Владимир ничего не ответил. Он и не думал гордиться своим положением и поприщем. Разве что спасенными жизнями, но откуда он знал, сколько их? Да и в лицо не видел. Он не хотел несмотря на свои ордена и чин старшины продолжать службу в армии – сыт был по горло. Награды Гнеушев не демонстрировал, да и не модно это было, считалось хвастовством. Вместе с бумажками с профилем вождя, наскоро подписанными карандашом, они валялись у него в дальних закромах.
Он припомнил что-то зыбкое вдруг – нашло само собой… Уходящие во тьму прошлого иссушенные взваленной на них тяжестью лица простых баб в платках, с ребятней по оба бока. С катастрофической скоростью несущиеся по безупречному ярко-голубому, засасывающему небу кипельно-белые облака. Страшно яркая какая-то зелень, режущая глаза, и при этом все равно воспринимающаяся словно через призму стекол… Не мог Владимир по былому проникнуться совершенством природы, потому что в мире людей такое творилось. Становилось одиноко и противно, будто он наотрез разучился воспринимать и никогда не будет счастлив… Но чаще всего на войне эта оцепенелость рождала отдых и служила благом. Она была лучше, чем до нутра пробирающая холодящая паника, парализация обстрелов, когда горло его даже не могло кричать, а просто клокотало. Лишь раз, один-единственный раз с начала боевых действий весной победного года, ликующего, шикарного и обшарпанного года он с упоением распластался на траве и жмурился, чувствуя стебельки травы и чужие лапки на своем обветренном лице.
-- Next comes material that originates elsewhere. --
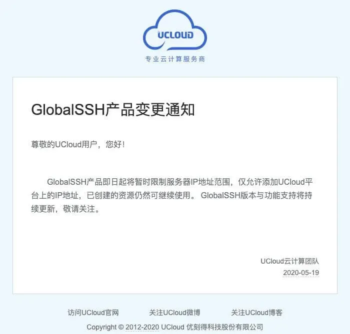 最新更新 UCloud云计算团队于2020年5月19日发布产品变更通知,今后只有UCloud旗下的服务器可以使用这个功能了。

Брить его на ветру в наспех подогретой кружке не хотелось. На гражданке все было как-то иначе, исполнено неспешности и смысловой нагрузки быта, распития чая в граненых стаканах. Любая мелочь вспоминалась теперь как нечто возвышенное… Даже как Гнеушев сидел на подоконниках в школе и стеснялся своих поношенных брюк. Тогда мнились необъезженные горизонты, внутреннему взору беспрестанно представлялись какие-то отрывки из прошлого, мечты, планы. И все это непременно в какой-то зелено – золотой дымке привкуса счастья. Четыре же года мечтой было достать иностранную амуницию и особенно сапоги, а еще набить брюхо поплотнее.
Однажды его сильно долбануло об землю, в голове звенело, а бой кончился, товарищи растворились. Предполагая, где они укрылись, он брел к ним. Не помнил, как оказался в конечном пункте. Наверное, дошел… Как объяснить, почему в страшных схватках кто-то выживал, когда большинство ложилось? Владимиру порой разрывало душу от воспоминаний, скольких бойцов при нем уродовало, раскурочивало. Благодаря скольким людям он выжил, сидя рядом, когда попадало не в него… почему? Чем он был лучше? Эти мучительные вопросы высасывали силы и душу.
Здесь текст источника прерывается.